Załóżmy, że jestem tego rodzaju osobnikiem i mam usposobienie strapionej mendy; kiedy otwieram oczy, nie patrzę na wyraźne i piękne kolory świata, nie czuję żadnego zapachu słodyczy, ale mam upojne drgawki z obrzydzenia; jest mi błogo, gdyż mam dreszcze z rozkoszy, że oto za chwilę komuś dam kopa.
Ale to tylko ja, pojedynczy frustrat. Dlaczego FRUSTRAT? Chętnie powiem Wam, dlaczego: bo TU żyłem. Bo przez 40 lat uczyłem się, miałem przyjaciół, tu chodziłem za potrzebą i za dziewczyną, i tu, każąc mi cieszyć się odzyskaną niepodległością, sprawiają, że boję się, np, wyjść na ulicę.
Uogólnijmy: sprawy MALKONTENCTWA, SCEPTYCYZMU i naszych innych narodowych cech - NIE MA. Wyobraźmy sobie, że nasz kraj przeniesiono w rejon geograficznie odległy od obecnego.
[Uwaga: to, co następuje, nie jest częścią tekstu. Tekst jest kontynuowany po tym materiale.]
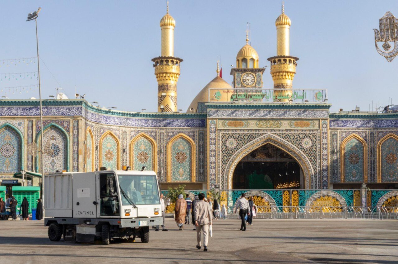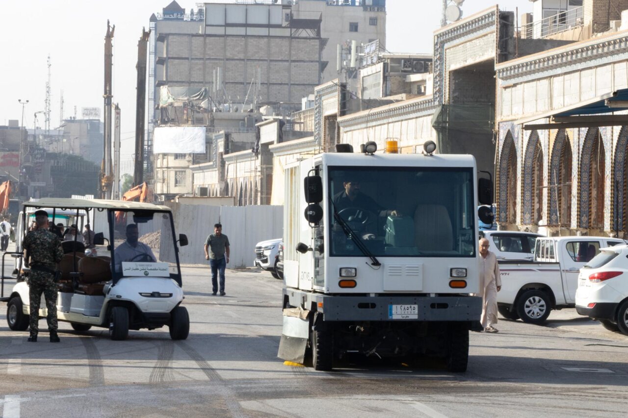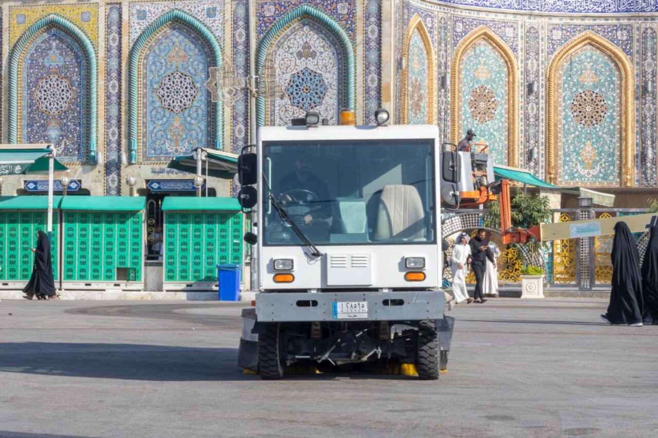 The campaign conducted by the cleaning staff of the department included cleaning the streets and sidewalks surrounding the courtyard of the shrine of Aba al-Fadl al-Abbas (peace be upon him).
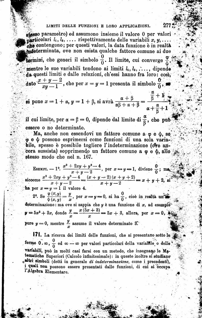 variabili, può in molti casi farsi con un metodo, che insegnano le Matematiche Superiori (Calcolo infinitesimale) : in queste inoltre si studiane ^ eal%i simboli (detti in generale di indeterminazione, come i precedenti), i qnali non possono essere presentati dallo funzioni, di cui si Occupa < l'Algebra Elementare. 4
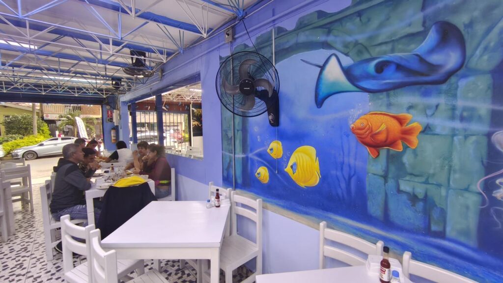 La costa está presente en todos los espacios del lugar. En su decoración, en el acento de quienes allí atienden, en la carta de comidas y hasta en la forma particular de celebrar los cumpleaños a los comensales, con una adaptación que Diana y sus colaboradores hicieron del tradicional happy birthday, poniéndole ritmo guapachoso y la alegría propia del costeño. «Que cumplas muchos años, que seas muy feliz, muy feliz. Que consigas un novio bien bonito, que no sea feíto, todito para ti, para ti. ¡Que los cumplas feliz, feliz! ¡Que los vuelva a cumplir, cumplir! Que lo sigas cumpliendo hasta el año sin fin», dice esta canción, que alegra el ambiente y así suena:
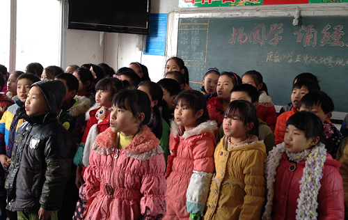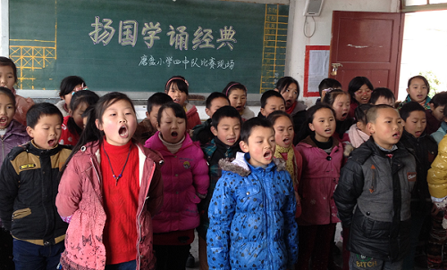 (磨盘小学 胡科林)为进一步丰富校园文化生活,营造浓厚的书香校园氛围,借以传承国学文化经典,弘扬民族文化精髓,激发学生的读书和诵读热情, 12月25日上午,磨盘小学校举办了以班为单位的“扬国学.诵经典”经典诵读比赛。

W rejon mentalnościowo zbliżony do Szwajcarii. Żyjemy więc w idealnej nieświadomości tego, co było. Tego, co straciliśmy. Nie było zaborów, żadnej okupacji, komuszych sporów o wolną Polskę.
A skoro nie pamiętamy tego, co było, skoro nie tęsknimy za swoją przeszłością, łatwiej nam zaakceptować to, co jest. I łatwiej zrobić tak, by było jeszcze lepiej.